Method steps mentioned above has carried out the purpose of the present invention, technical solution and advantageous effect further in detail Illustrate, every modification within the spirit and principles in the present invention, made, equivalent replacement, improvement etc. should be included in the present invention Protection domain within.

Claims

1. a kind of synchronization policy update method for optimally controlling based on online data, which is characterized in that include the following steps：

Step 3：With fixed rate difference sampling system current state and control, noise inputs, and calculate in algorithm correlation Between variable；

Step 5：Update three NN weights；

2. a kind of synchronization policy update method for optimally controlling based on online data according to claim 1, feature exist In three NN activation primitives described in step 1 areN₁、N₂、N₃Represent corresponding The number of NN activation primitives, R>0 is positive definite matrix.

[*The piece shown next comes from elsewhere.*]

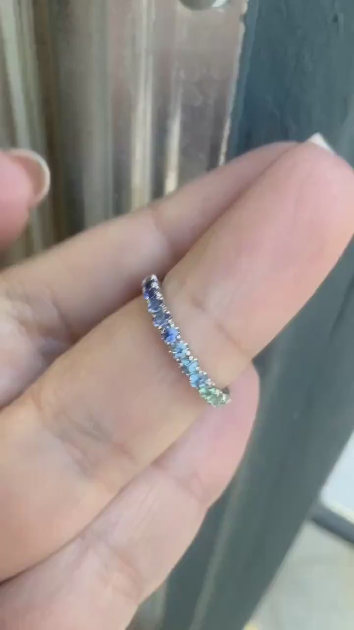 Gradient Blue Green Pave Ring/ Coastal Ombre Beach Wedding Band/ 2.3mm Half Eternity/ Mermaid Colors Diamond Alexandrit Aquamarine Sapphire.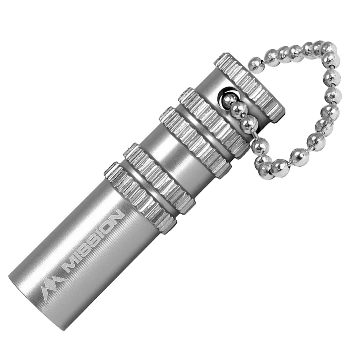 Schnelles und Einfaches wechseln abgebrochener Dartschäfte und Dartspitzen. Beim Dartspielen kann es frustrierend sein, wenn ein Dartschaft oder eine Dartspitze abbricht. Doch mit dem Mission Broken Shaft Remover silber gehört dieser Ärger der Vergangenheit an. Dieses praktische Werkzeug ermöglicht es dir, abgebrochene Dartschäfte oder Dartspitzen schnell und unkompliziert zu entfernen. Die Anwendung des Removers ist denkbar einfach: Du setzt die Öffnung des Removers auf das abgebrochene Stück, das im Barrel steckt, und drehst ihn. Im Inneren des Removers befindet sich eine "Zange", die das Bruchstück herausdreht, sodass es mühelos ausgetauscht werden kann. Damit sparst du nicht nur Zeit, sondern kannst auch sofort wieder mit dem Dartspielen loslegen. Der Mission Broken Shaft Remover ist mit einer kleinen Kette ausgestattet, die bereits vorinstalliert ist. Dadurch kannst du ihn bequem an einer Tasche oder einem anderen Gegenstand befestigen und hast ihn immer griffbereit, wenn du ihn benötigst. So bist du bestens vorbereitet und kannst ungestört dein Dartspiel genießen. Hol dir dieses praktische Werkzeug und sei jederzeit bereit, eventuelle Probleme beim Dartspielen im Handumdrehen zu lösen.

3. a kind of synchronization policy update method for optimally controlling based on online data according to claim 2, feature exist In the activation primitive is hyperbolic tangent function tanh ().

4. a kind of synchronization policy update method for optimally controlling based on online data according to claim 2, feature exist In the activation primitive is polynomial function.

5. a kind of synchronization policy update method for optimally controlling based on online data according to claim 1, feature exist In data acquisition length described in step 1 are L.